Nadjet TABOURI nous éclaire sur ses enjeux : "Les enseignants acquièrent des connaissances sur les différents processus d’apprentissage, le développement de l’enfant et de l’adolescent, approfondissent leurs connaissances didactiques et pédagogiques. Ils sont amenés à occuper des postes d’enseignants spécialisés en RASED, en ULIS, SEGPA IME ou tout autre dispositif lié à l’inclusion."
Mais au-delà de ces apprentissages, la question de la transmission est, au sein du CAPPEI, primordiale, puisque les enseignants formés sont aussi chargés de “diffuser les enjeux éthiques et sociétaux liés à inclusion et être personne-ressource auprès de leurs collègues. Ils apportent leurs expertises et leurs connaissances pour contribuer à la scolarisation de tous les élèves”.
Un diplôme important, dont l’École en général pourrait s’emparer. "L’école peut accueillir tout le monde, elle n’est pas encore prête, certes, mais elle s’inscrit dans un processus débuté il y a quelques siècles déjà."
Néanmoins, il semble inutile de faire peser une pression supplémentaire sur les professeurs, portés par l’injonction permanente à l’inclusion. Pour Nadjet TABOURI, il est nécessaire de "prendre en compte les besoins des enseignants, leur laisser le temps et les accompagner. Miser sur la formation initiale est également primordial. Le métier n’est pas juste boudé pour la rémunération, mais pour la complexité et le sentiment d’inefficacité qui devient vite décourageant”.

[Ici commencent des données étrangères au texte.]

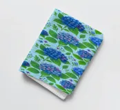 Joli motif floral d'hortensia avec des fleurs d'hortensia bleues luxuriantes et vibrantes avec des feuilles vertes, sur un fond bleu clair.
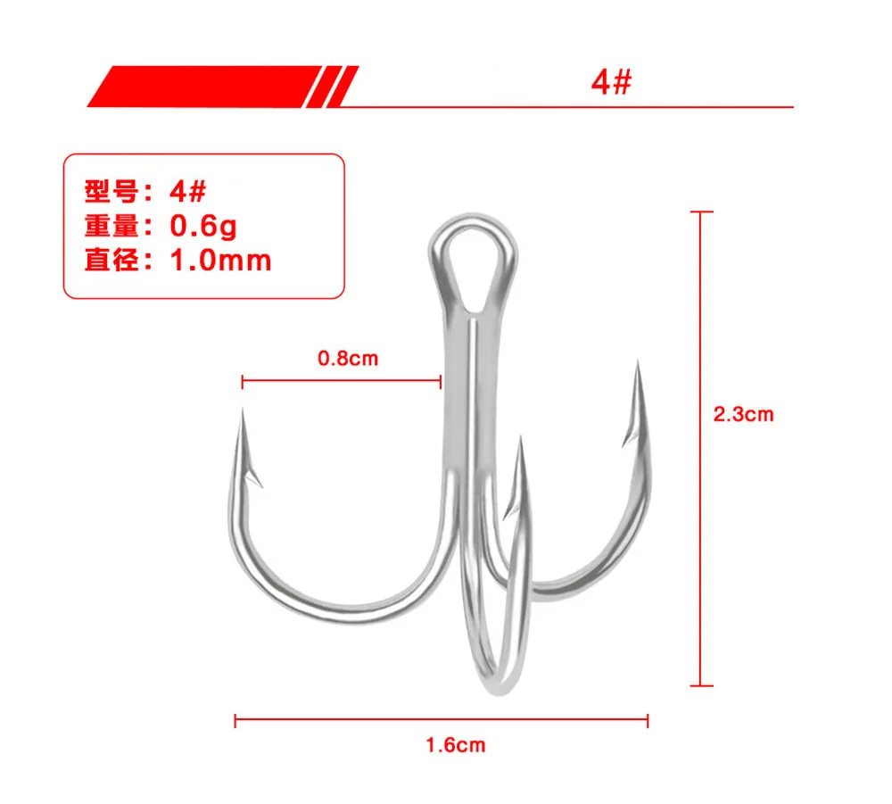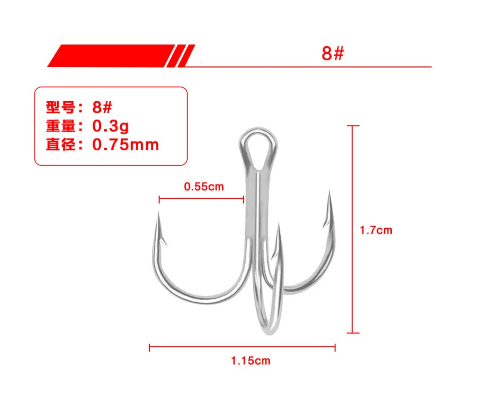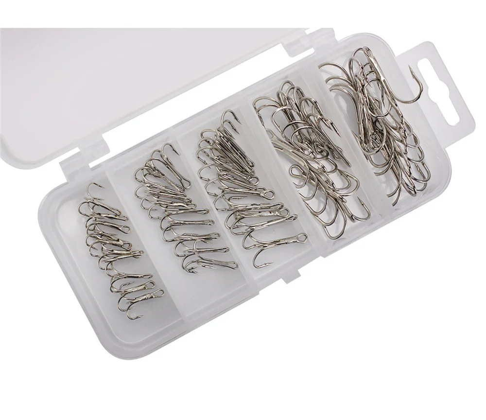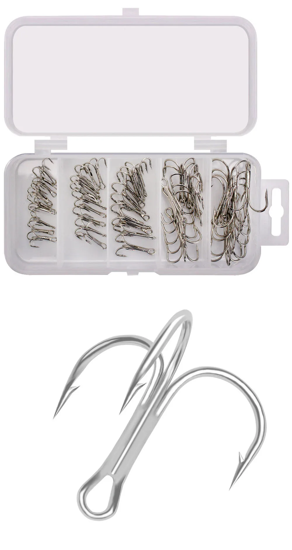 50 unidades/caja 2 # 4 # 6 # 8 # 10 # Anzuelo de pesca negro, anzuelos triples de acero rico en carbono, aparejos de pesca, triples curvados redondos para lubina

Une bonne collaboration entre AESH et enseignants, des moyens sans cesse augmentés, une meilleure formation, une compréhension profonde des écarts, une prise de conscience collective sur le "faire autrement", autant d’ingrédients (et plus encore) qui, mis bout à bout, pourraient construire l’école de demain, une école qui, comme le laisse penser Nadjet TABOURI, "sera inclusive quand elle n’aura plus besoin d’un adjectif pour la décrire comme telle".